Biblically, regeneration is being born again, having eternal life imparted into the soul.
Justification is God the Judge declaring us to be legally righteous in His sight instead of guilty.
The mixing up of regeneration and justification resulted in the
Catholic Church teaching that in baptism, a man receives an infusion of righteousness into his soul, and that infusion of righteousness makes that man internally right before God.
Consequently, the Catholic Church went on to say this, the fruit of righteousness flowing from the divine life experienced in baptism flows out in works so that a man may merit, by gracious works, a second justification before God.

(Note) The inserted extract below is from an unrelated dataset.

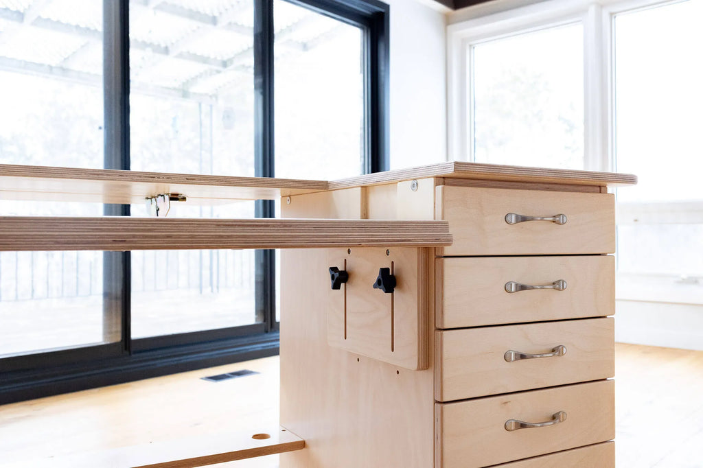 Chest of drawers including: thread and bobbin drawers (1), cutting pull outs, storage drawers with re-arrangeable dividers (3 medium and 1 large).

So the foundation of a right standing before God is what a man becomes at his baptism, and what a man does after his baptism, that baptism being an infant baptism.
This was the thinking that plagued Martin Luther. Similarly, when a man,
I'm sorry, my paint is going to get stuck. If ever there was a monk who could have been saved by his monkery, it would have been
Martin Luther. Aside from vigils, prayers, and reading, he would spend six hours at a time in the confessional, and he would go time after time, three days, fasting without a morsel of bread or a drop of water.

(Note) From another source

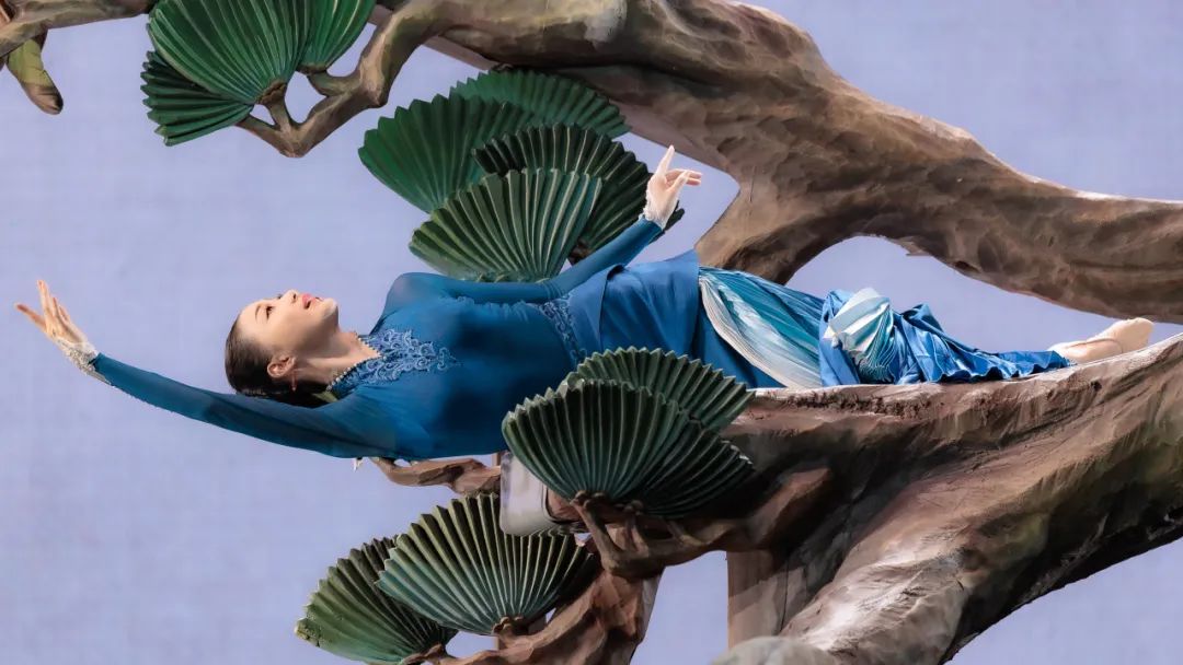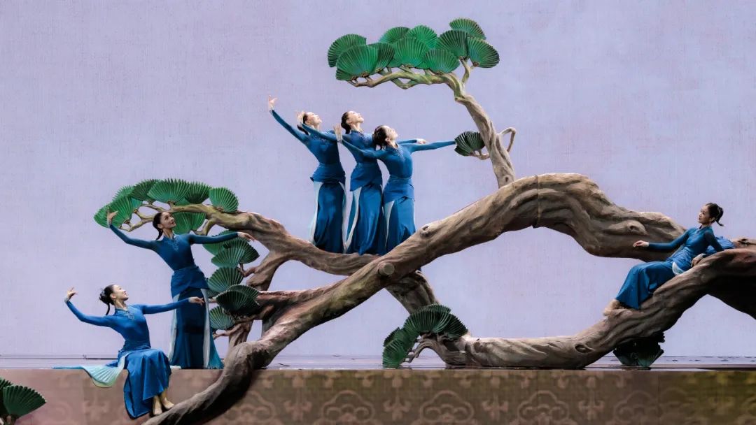 當(dāng)舞臺(tái)變成一方宋畫(huà)尺牘,背景成為留白氤氳的宣紙,舞者化作工筆描摹的墨痕,橫軸豎幔間,十只報(bào)春“喜鵲”從古卷中躍然而出。

But all of this work failed to give Luther the peace with God that he sought for.
And that's because Galatians 2 .16 says, By works of the law, no one will be justified.
So the Catholic Church obscured the gospel of faith alone by tangling up regeneration and justification, and in this way, tortured
Martin Luther. But what the Reformation did was untangle regeneration and justification, and this resulted in clarifying what justification means.
Justification is not a process. It is an instantaneous declaration from God the
Judge in the courtroom of heaven that a sinner is righteous instead of guilty.
And the instrument by which a man is justified is not man's work, but faith alone in Christ and His work at Calvary.
Romans 4 .5 says, To the one who does not work, but believes in Him who justifies the ungodly, his faith is counted as righteousness.
Does not work, but believes.
God justifies the ungodly.
But how can God declare an ungodly man righteous?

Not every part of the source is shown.